Why doesn't water burn?

by | Aug 11, 2009 04:36 PM ET

You Asked:

Why doesn't water burn? --- Kit, Twain, Calif.

Marshall Brain Answered:

In chemistry we define the word burn to mean: "to undergo combustion, either fast or slow; to oxidize." So when gasoline "burns", the carbon and hydrogen atoms in the gas rapidly combine with oxygen atoms in the air to form CO2 and H2O. When charcoal "burns", the carbon atoms in the chacoal combine with oxygen atoms in the air to form CO2. When iron or steel "burns", the iron atoms in the piece of iron combine with oxygen atoms in the air to form rust. Normally the process is very slow. But if you create small enough pieces of iron, like that seen in steel wool, the burning happens quite quickly, like this:

If you spin a big piece of burning steel wool in the air, it will create a huge cascade of flying sparks as the steel quickly burns. (I'm not recommending that you do this - but people do do it. Search on YouTube sometime.)

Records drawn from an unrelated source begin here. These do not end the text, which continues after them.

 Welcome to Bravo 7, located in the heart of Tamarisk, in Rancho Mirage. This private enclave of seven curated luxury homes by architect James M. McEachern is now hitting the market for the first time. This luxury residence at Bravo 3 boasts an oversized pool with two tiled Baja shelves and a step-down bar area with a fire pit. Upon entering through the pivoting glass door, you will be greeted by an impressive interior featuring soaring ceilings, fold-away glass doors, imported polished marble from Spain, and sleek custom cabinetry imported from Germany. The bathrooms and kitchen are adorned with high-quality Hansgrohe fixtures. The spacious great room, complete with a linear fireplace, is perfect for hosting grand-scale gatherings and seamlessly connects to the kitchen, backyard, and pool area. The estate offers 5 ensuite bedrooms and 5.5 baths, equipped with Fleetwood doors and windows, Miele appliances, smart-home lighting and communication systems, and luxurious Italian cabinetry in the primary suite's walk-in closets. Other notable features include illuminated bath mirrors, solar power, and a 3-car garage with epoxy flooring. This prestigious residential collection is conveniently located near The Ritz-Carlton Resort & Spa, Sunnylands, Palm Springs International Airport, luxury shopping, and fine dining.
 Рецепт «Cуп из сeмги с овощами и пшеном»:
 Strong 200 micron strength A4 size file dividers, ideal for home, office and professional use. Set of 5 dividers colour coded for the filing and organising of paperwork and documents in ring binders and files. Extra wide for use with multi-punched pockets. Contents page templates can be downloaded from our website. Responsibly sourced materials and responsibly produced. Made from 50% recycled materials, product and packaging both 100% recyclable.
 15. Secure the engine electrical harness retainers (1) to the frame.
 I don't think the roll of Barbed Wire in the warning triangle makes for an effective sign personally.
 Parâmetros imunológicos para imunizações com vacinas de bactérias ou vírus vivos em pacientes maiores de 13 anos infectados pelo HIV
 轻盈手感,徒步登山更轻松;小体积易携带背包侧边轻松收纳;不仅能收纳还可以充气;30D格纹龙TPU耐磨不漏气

So, why won't water burn? It's because the burning has already happened. When the hydrogen reacted with oxygen - in other words, when the hydrogen "burned" - water was the result.

A side question - why is water good at extinguishing some types of fire - for example wood and paper fires? The water absorbs into the wood or paper and blocks the flow of oxygen. The water also cools the burning wood or paper down well below its flash point.